Алмейра отшатнулась. Растерянность и волнение смешались, и она стремительно стала уходить. Радоборт, было, двинулся за ней, но Кикха вцепился в его плечо суровой хваткой.
— Оставь же ты ее. Не мучай, — произнес он.
Радоборт посмотрел на брата и выразил недовольство.
— Ты доведешь ее до смерти от тоски, — констатировал Кикха. — Перестань метаться. Реши сначала, чего ты жаждешь. Ты великий. Ты выбирай первым.
— Что она имела в виду, когда говорила про медальон? — спросил Радоборт.
— Они почитают этот символ. Эти изображения я видел в нескольких домах города. Он связан с местными легендами о творении этого мира.
— Откуда он у Эл? — в свою очередь удивился Радоборт. — Ты знаешь о ней. Откуда у нее этот символ?
— Хороший вопрос, брат. Сам хочу знать. Я этот медальончик давно приметил, только Эл не скажет, не утруждайся спрашивать. Выпытывать у Алмейры я не буду и тебе не советую, не то ее захлестнут религиозные чувства. Они и так возвели Эл на пьедестал, как идола, освободительницу города. Отцу это не понравиться. Им в голову не придет, что она лишь инструмент его воли. Пусть живут заблуждениями, лишь бы бунт не поднимали.
Радоборт посмотрел на Эл.
— Ей это тоже не понравиться. Давай уйдем отсюда. Пусть спит, — предложил он.
— Ты иди, а я останусь, — сказал Кикха.
Эл проснулась. Было слишком светло.
Она приоткрыла глаза, но потом распахнула их широко. Эл увидела поразительной чистоты бирюзовый небосклон, совершенно чистое небо, без намека на облака.
Она поднялась резко, перед глазами появились круги, и ее качнуло вперед. Эл повело к перилам балкона, и она уперлась в него грудью и обхватила руками, чтобы удержаться на ослабевших ногах.
Панорама внизу изумила ее.
— Великий космос! — только и смогла она вымолвить.
Внизу распростерся город. Это был не тот город, что она видела в храме, в тех страшных видениях. Насколько хватило взгляда, она не нашла ни единого разрушенного здания. Ровные ряды крыш и чистые улицы, залитые первыми лучами рассвета.

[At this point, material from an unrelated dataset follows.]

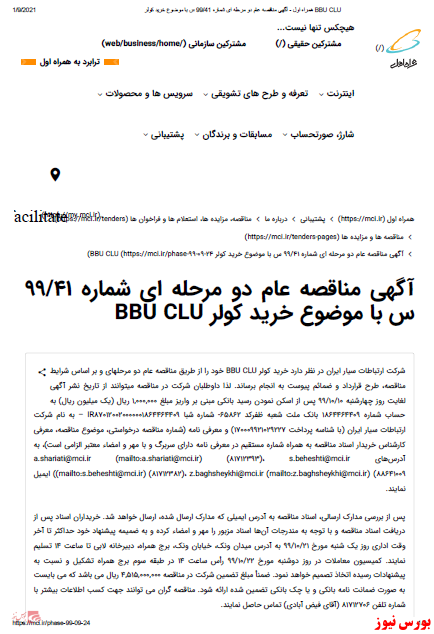 به گزارش بورس نیوز، شرکت کارخانجات مخابراتی ایران در مناقصه عام دو مرحلهای با موضوع خرید کولر BBU CLU شرکت کرد.

Мурашки по спине до самой макушки пробежали по телу. Эл тряхнула головой, потом еще раз. Зажмурила глаза. Открыла. Зрение обострилось.
Дальше, больше! Город спускался к обширной гавани и дугой обнимал ее. Местное светило зажгло на глади воды яркую дорожку.
— Море? — Эл сглотнула. — Я брежу.
Эл впала в восторженно-истерическое состояние. Она почти убедила себя, что спит. Она покинула дворец, миновала площадь и оказалась на просторной улице. Она шла в надежде увидеть хоть одного жителя, расспросить, убедиться, что не сошла с ума.
Эл брела босиком по гладкой брусчатке, чувствуя холод камня. Она поворачивалась вокруг своей оси, всматривалась в стены домов, никаких следов разрухи. Окна. В домах были окна.
— Сон. Мой сон.
Наваждение усилилось, когда она расслышала голос певца, звонкий голос Маниэля. Совсем невероятно. Он погиб в горах.
Но вот сам Маниэль в сопровождении брата двигался ей навстречу.
Маниэль перестал петь, когда увидел Эл, счастливая улыбка озарила его лицо, и он величаво поклонился ей, коснувшись тонкими пальцами мостовой.
— Благословенны те небеса, что взрастили тебя, дочь звезд, — сказал он.
— Новый день, — присоединился с поклоном к приветствию брата Даниэль. — Что ты смотришь так, словно увидела мертвого, прелестная дочь своего народа? Чему удивляется твое мудрое сердце?
Эл смерила обоих взглядом круглых и темных глаз, потом обвела все вокруг, от чего ее взгляд стал диковатым. Эл даже пыталась что-то сказать, но не в силах издать звук, сделала непонятный знак руками, словно выражая недоумение.
Певцы переглянулись. Даниэль подошел ближе, осмотрел ее, опять улыбнулся.
— Что произошло? — выдохнула Эл. — Этот город. Море...
— Море вернулось, а город блещет прежним величием. Ты вернула ему прежнюю красоту и стать. Ты освободила людей от проклятия, — торжественно произнес Даниэль.
— Я? — удивилась Эл, больше она ничего не могла сказать. — Я сплю.
Даниэль встал совсем рядом, взял ее руку и поцеловал.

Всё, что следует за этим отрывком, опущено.